I do know that if you see me lost in thought, it is usually about whatever the next thing is that I have to do. I’ve often got to a party or a meal or a play and consciously thought right, got here, that’s done, what do I need to do tomorrow?

Do you do this too? I also queue up my worries. If I have a big event coming then the single way I have of ever getting it off my mind is to have another big event coming up before it. So I’ll come out of that first one probably feeling great – yesterday was event number 176 of which 10 were meh and 2 were ulcer-bursting awful – and I’m immediately fretting about the next one a week away.

But.

Two things. First, when I’m actually working at an event or a workshop or whatever, I’m right there in the moment for every single moment and there isn’t a whisper of a thought of the next thing from start to finish. I think this may be why I like producing and presenting events so much.

Second, this did happen to me again yesterday. The day was fun, I glowed out of there and through a tea with a friend and colleague from the event, I glowed into joining up with Angela and then right in the middle of a curry, wallop.

Angela looked at me just like you’re doing.

But the reason for saying this to you today, the reason for the But up there a few paragraphs ago, is that this changed. This went away.
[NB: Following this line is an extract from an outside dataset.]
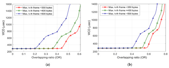 Cases 3 and 4: In these cases, the influence of the higher-priority overlapping at the opening edge and closing edge is evaluated in Figure 15a,b, respectively, with sizes of frames as 350, 400, and 500 bytes.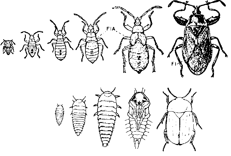 Rangée supérieure: Métamorphose incomplète d'une punaise. Les jeunes larves ressemblent aux adultes, à cette différence qu'elles n'ont pas d'ailes; celles-ci apparaissent peu à peu au cours des stades ultérieurs comme ébauches alaires (FIA) pour acquérir leur complet développement au stade adulte (FI). Rangée inférieure: Métamorphose complète d'un coléoptère. Les larves ont un tout autre aspect que les insectes adultes. Entre le dernier stade larvaire et l'adulte s'intercale un stade de repos, la nymphe (d'après WEBER).

We saw Dar Williams in concert at the Glee Club. She’s the artist I’ve said I wouldn’t kill to write like – but I’d maim. I adore her work, her music has meant a lot to me for a very long time and I’ve often seen her in concert. Every time has been good, but this one was great.

Whatever I was thinking about when I went into that concert, she took us all wherever she wanted to go.

I’m going to think about that.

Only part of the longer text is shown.